Furthermore, by extending the neural network models, it could be expected that fewer trials need to be excluded because of low confidence in the predictions of the coordinates of the anatomical landmarks; however, the dataset for the current study was limited to further extend the neural network models (with more variation in the labeled frames) because videos of trials used for network training are excluded from the statistical analyses. A possible reason to exclude trials was if one or more joints were not visible in the video recording. It requires some practice to master the posture of the examiner in which the joints of the participant are clearly visible in the video. Visibility of the joints of the participant could be increased when using active proprioception assessment methods (e.g., active JPR assessment and active movement extent discrimination assessment (AMEDA)). Furthermore, the ecological validity of proprioception assessment would increase using active proprioception assessment methods. However, using active methods increases the risk of out-of-plane movements. Out-of-plane movements of a participant could cause different JREs measured by the two systems. Determining the JREs based on measuring two-dimensional joint angles in persons that do not move linearly in one dimension will be inaccurate. Differences in JREs measured by the two systems caused by out-of-plane movements could not be solved by extending the neural network models, but should be solved by measuring three-dimensional joint angles. In the current study, typically developing children performed passive JPR tasks, while sagittal videos were recorded (i.e., a camera on a tripod was placed perpendicular to the movement direction, the flexion-extension axis), which resulted in a minimized chance of out-of-plane movements. In the case of performing JPR tasks in other populations (such as children with cerebral palsy) and/or under active testing conditions, more out-of-plane movements will be expected. Therefore, measuring three-dimensional joint angles should be considered when out-of-plane movements are expected. Assessing the validity and reliability of DeepLabCut in measuring JREs based on three-dimensional joint angles is still needed.

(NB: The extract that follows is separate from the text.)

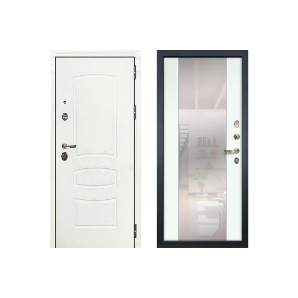 Металлическая дверь Лекс Легион Белая с зеркалом белый ясень ( панель №61)

Further research is needed to assess the validity of DeepLabCut to measure the JRE in joints other than the knee and hip (such as the ankle and upper extremity joints) and different measurement planes (such as the frontal movement plane, determining joint adduction-abduction). Detecting proprioceptive deficits via the assessment of proprioception function is not only relevant in typically developing children, but also in athletes, older adults and disabled people. In these populations, poorer proprioception is indicative of a higher chance of getting a sports injury [
34], can further exacerbate the likelihood of falls and balance problems [
35,
36] and can negatively affect movement control [
37,
38,
39,
40,
41,
42]. Deep-learning-based motion capture techniques could identify these proprioceptive deficits and therefore facilitate the implementation of proprioception assessment in clinical and sports settings, as there are no markers and no laboratory setting needed.